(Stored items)
------------------------
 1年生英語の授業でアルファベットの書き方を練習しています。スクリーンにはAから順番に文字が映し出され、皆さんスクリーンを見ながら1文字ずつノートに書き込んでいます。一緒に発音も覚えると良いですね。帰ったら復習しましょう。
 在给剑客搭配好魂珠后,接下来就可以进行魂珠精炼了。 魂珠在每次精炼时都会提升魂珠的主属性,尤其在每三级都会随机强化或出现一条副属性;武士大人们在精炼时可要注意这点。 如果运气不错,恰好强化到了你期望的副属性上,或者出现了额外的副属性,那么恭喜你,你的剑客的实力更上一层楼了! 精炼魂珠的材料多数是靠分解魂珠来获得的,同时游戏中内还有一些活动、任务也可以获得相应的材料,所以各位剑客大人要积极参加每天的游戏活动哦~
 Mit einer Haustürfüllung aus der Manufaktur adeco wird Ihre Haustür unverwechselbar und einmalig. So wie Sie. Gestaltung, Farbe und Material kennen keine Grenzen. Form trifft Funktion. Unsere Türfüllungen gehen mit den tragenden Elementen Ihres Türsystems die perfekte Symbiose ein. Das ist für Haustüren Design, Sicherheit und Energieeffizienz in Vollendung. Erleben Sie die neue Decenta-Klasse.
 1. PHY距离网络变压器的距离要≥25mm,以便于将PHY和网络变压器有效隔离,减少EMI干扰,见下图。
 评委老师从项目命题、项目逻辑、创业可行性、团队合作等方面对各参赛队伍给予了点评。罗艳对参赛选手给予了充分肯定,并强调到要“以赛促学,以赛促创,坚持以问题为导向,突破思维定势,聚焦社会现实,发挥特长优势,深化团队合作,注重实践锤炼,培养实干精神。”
------------------------
Task requirements:
An exact repeat of all the entries above is required.

Exercise result:
 1年生英語の授業でアルファベットの書き方を練習しています。スクリーンにはAから順番に文字が映し出され、皆さんスクリーンを見ながら1文字ずつノートに書き込んでいます。一緒に発音も覚えると良いですね。帰ったら復習しましょう。
 在给剑客搭配好魂珠后,接下来就可以进行魂珠精炼了。 魂珠在每次精炼时都会提升魂珠的主属性,尤其在每三级都会随机强化或出现一条副属性;武士大人们在精炼时可要注意这点。 如果运气不错,恰好强化到了你期望的副属性上,或者出现了额外的副属性,那么恭喜你,你的剑客的实力更上一层楼了! 精炼魂珠的材料多数是靠分解魂珠来获得的,同时游戏中内还有一些活动、任务也可以获得相应的材料,所以各位剑客大人要积极参加每天的游戏活动哦~
 Mit einer Haustürfüllung aus der Manufaktur adeco wird Ihre Haustür unverwechselbar und einmalig. So wie Sie. Gestaltung, Farbe und Material kennen keine Grenzen. Form trifft Funktion. Unsere Türfüllungen gehen mit den tragenden Elementen Ihres Türsystems die perfekte Symbiose ein. Das ist für Haustüren Design, Sicherheit und Energieeffizienz in Vollendung. Erleben Sie die neue Decenta-Klasse.
 1. PHY距离网络变压器的距离要≥25mm,以便于将PHY和网络变压器有效隔离,减少EMI干扰,见下图。
 评委老师从项目命题、项目逻辑、创业可行性、团队合作等方面对各参赛队伍给予了点评。罗艳对参赛选手给予了充分肯定,并强调到要“以赛促学,以赛促创,坚持以问题为导向,突破思维定势,聚焦社会现实,发挥特长优势,深化团队合作,注重实践锤炼,培养实干精神。”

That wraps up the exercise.